5.27.2007

Lazy Sunday Morning

It's a lazy Sunday morning around here, plenty of chores that need doing but none that I feel up to getting done yet. The cat woke me up at an ungodly hour needing to be petted, and after about three seconds got bored with me and is now busy monitoring the courtyard for intruders, so I'm awake and have nothing in particular to do. It's a pretty nice feeling.

As it's not torrentially raining I may go for a walk. I feel like I haven't properly appreciated our new neighborhood yet, being as it is for me a new-old neighborhood. When we decided to move here, I didn't think of Rogers Park as being a particular plus. When I moved out last time, I was so happy to be done with this place. I'd been living here five years, transitioning from college student to underemployed waitress to office wageslave, transitioning from single and proud to single and lonely to in a relationship to living with someone. And then when I moved away I felt like I was really starting a whole new part of my life. New neighborhood, new relationship, new job. (Yes, I do realize that I only moved a few miles away.
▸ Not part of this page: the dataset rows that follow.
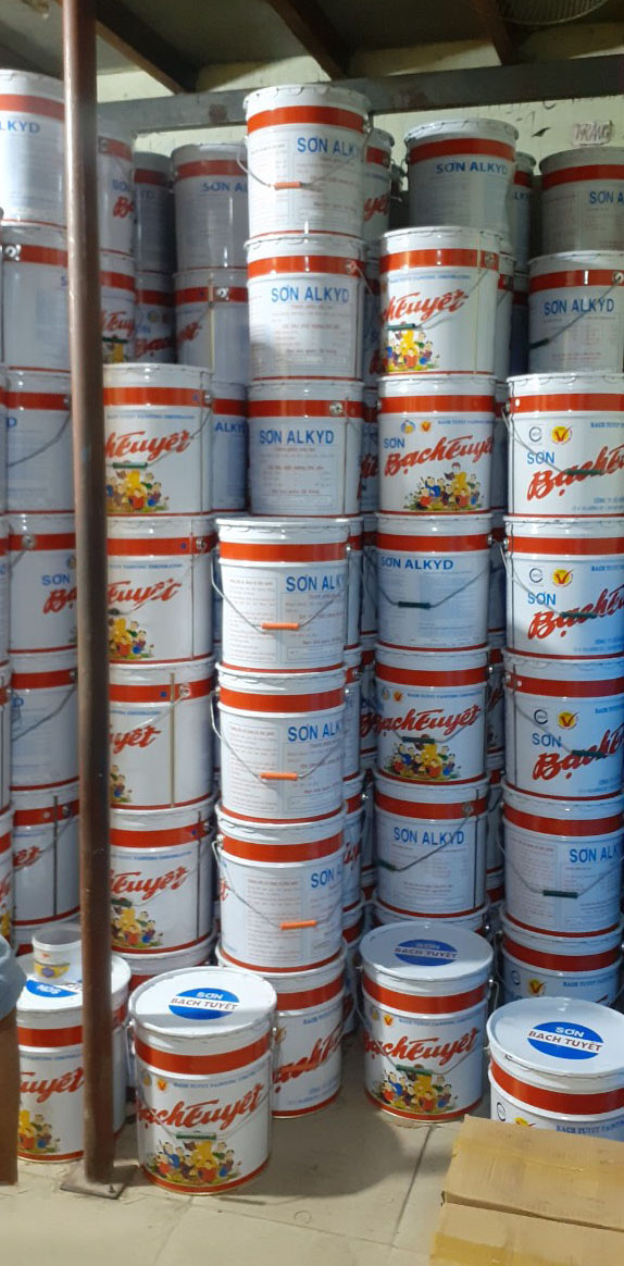 - Để pha loãng sơn có thể dùng dung môi xylene, toluene hoặc xăng. Sơn alkyd trắng mờ Bạch Tuyết có thùng18kg, các lon 0.5Kg, 1kg, 4kg.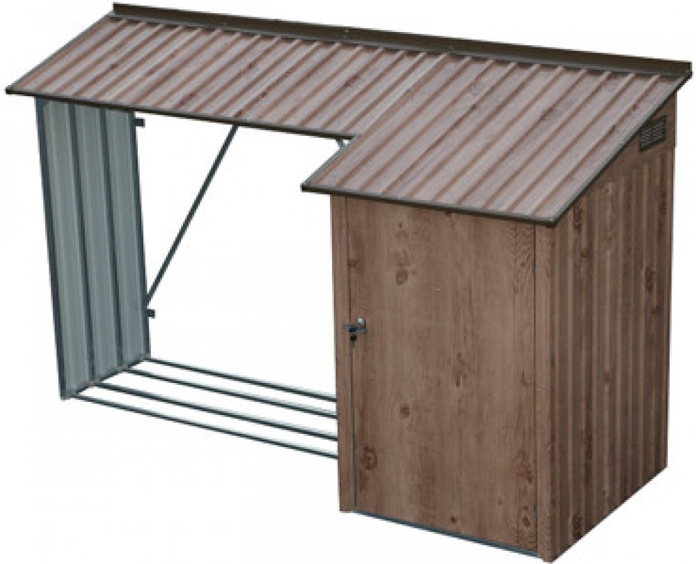 Přístřešek na dřevo s kůlnou značky DURAMAX Je vyroben stejně jako všechny výrobky od této značky ze žárově zinkovaného plechu opatřeného práškovým nástřikem o celkové síle 0,4 mm. Z tohoto důvodu platí i na přístřešek záruka 15 let na prorezivění.
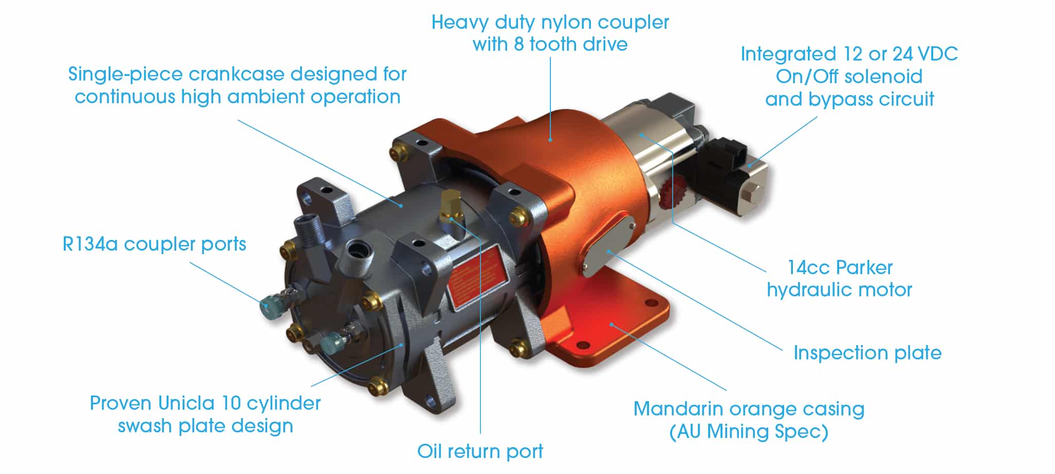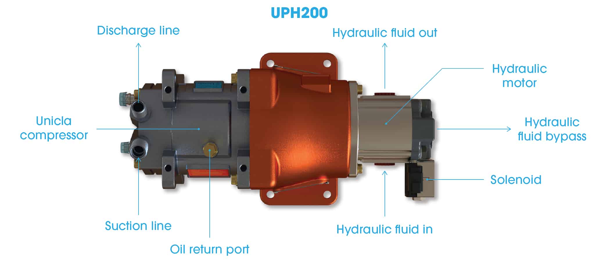 The Unicla UPH Hydraulic Drive compressors are designed for universal application and freedom of installation. The range can be driven by any 11-15cc hydraulic motor with a standard SAE twin-bolt, A-type mounting configuration, and 5/8″ nine-spline shaft.

But Uptown and Rogers Park are worlds apart and it's more like a symbolic thing if you get what I mean.)

Being back, I remember all the things I loved about this neighborhood. It's beautiful, it's quiet, the people are pretty friendly, especially as compared to Wicker Park, I feel like I fit here, like everyone here is just working and maybe raising a family and just going about their lives, doing their own thing, and there's not a particular scene to be seen in or a vibe to radiate out of your every pore.

All right, it seems like a walk is definitely in order. I need to get out and appreciate some of this before the rain starts up again and reminds us it's not really summer for another month.